L’histoire est un éternel recommencement. Le marketing n’échappe pas à la règle. Mais attention, là comme ailleurs, rien ne revient exactement comme avant. Une nouvelle génération de disquaires est à l’œuvre qui a su associer d’autres univers aux disques. Restaurants, meubles, vêtements et même, pour certains, salons de coiffure, les néo-disquaires remixent la musique à l’air du temps. Proche de l’esprit des concept-stores, on y trouve des nouveautés et du vintage, à écouter et à manger, du mass-market et du pointu.

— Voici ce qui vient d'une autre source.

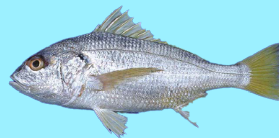
Nombre Común: Ruco
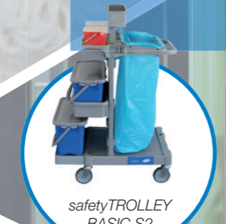
safetyTROLLEY BASIC S2
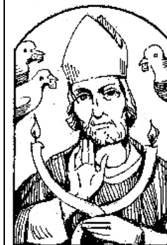
Sw. Błażej 3 lutego

Nasza parafia ma wyjątkowe wezwanie. Jej patronami, a zarazem naszymi są Wszyscy Święci . Nasze Pismo SANCTUS (co po łac. znaczy święty) od samego początku stara się przybliżać swoim czytelnikom sylwetki 'mieszkańców nieba'. Wśród nich znajdują się osoby, o których większość z nas pewnie nigdy nie słyszała. Naszą kolejną inicjatywą jest nowy Dodatek – Święci na co dzień , który bardzo skrótowo będzie prezentował świętych i błogosławionych z danego miesiąca wraz z ich wizerunkami.

A bien y regarder, cette réapparition n’est pas si surprenante. Les disquaires ont toujours joué un rôle d’intermédiaire, de conseil, de filtre. Aujourd’hui, la musique est plus facile d’accès qu’hier, elle se choisit par morceau plutôt que par album, il est possible d’en découvrir de toujours plus rares sur des blogs toujours plus spécialisés, mais dispose-t-on de plus de temps ? Le retour des disquaires est d’abord la réponse à un besoin de repères, à une envie d’expertise qui permet de faire le tri et d’y voir plus clair.

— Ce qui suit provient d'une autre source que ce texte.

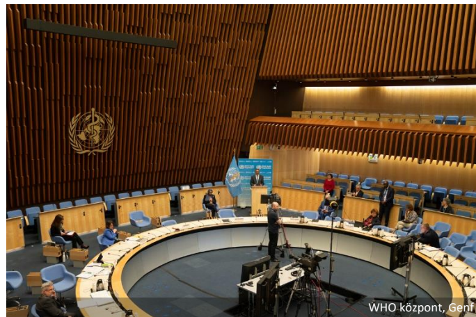
WHO központ, Genf

Hétfőn megkezdődött a 73. Egészségügyi Világggyűlés (WHA 73), a történelem során először virtuálisan . Közben számos egészségügyi kérdés van napirenden - beleértve a polio felszámolását, az elhanyagolt trópusi betegségeket és a Nemzetközi Egészségügyi Szabályzat végrehajtását -, a tárgyalás várhatóan nagy hangsúlyt fektet a COVID-19 világvárványra, valamint annak ellenőrzés alá vonásához szükséges mechanizmusokra és képességekre. Egy 41 különálló országból álló csoport, valamint az Afrika-csoport tagállamai és az Európai Unió javaslatot terjesztett elő, amely részben felszólít a WHO COVID-19 pandémiás védekezésének szisztematikus és független felülvizsgálatára a jövőbeni védekezések során használandó bevált gyakorlatok azonosítása érdekében. Ezenkívül a javaslat arra utasítja a WHO-t, hogy folytassa az együttműködést az Állategészségügyi Világszervezettel, többek között a járvány zoonózis-eredetének meghatározása terén.

Le retour des vinyles, lui, vient révéler une volonté d’acheter et de posséder un bien matériel quand la musique se dématérialise et devient gratuite. Une manière de donner du sens à un acte. Des sites de photos en ligne proposent de faire des albums, les platines et autres tourne-disques refont surface dans les magazines, des fans de Polaroid relancent ces appareils et des pages Facebook se mobilsent contre l’arrêt de la production par Ikea d’un meuble de rangement au format exact des 33 tours…

Les « digital natives » sont-ils toujours aussi digitaux qu’on l‘imagine ?

Ici et hier

L’actualité des concepts retail fait parfois se rencontrer l’histoire et la géographie. On peut ainsi lire dans la presse l’ouverture de l’enseigne Buly, rue Bonaparte à Paris, un magasin de cosmétiques aux allures d’officine rétro. Buly, du nom de son fondateur, s’était fait connaître à la fin du XIXième siècle pour un vinaigre de toilette. Il finit ruiné et inspira à Balzac le personnage de César Birotteau… Ambiance flacons, encens et poudre, plafond de bois sculpté, comptoir d’apothicaire et packagings surannés… mais terriblement chics. Un projet atypique, à la fois ancré dans la tradition française et l’innovation, entre rituels de beauté séculaires et dernières innovations de la parfumerie.

Quelques magazines plus tard, on apprenait que, pour l’ouverture de son nouvel espace de beauté, l’hôtel Intercontinental de Marseille s’inspirait des lavoirs provençaux et proposait des soins à la lavande. Il y a peu, l’imaginaire des spas n’était composé que de rites asiatiques. Puis vint Caudalie et sa vinothérapie et maintenant, la lavande, quand ce ne sont pas, encore ailleurs, des soins à base de plantes des montagnes, de tourbe ou de gentiane… A chaque fois, une nouvelle histoire et une nouvelle évasion.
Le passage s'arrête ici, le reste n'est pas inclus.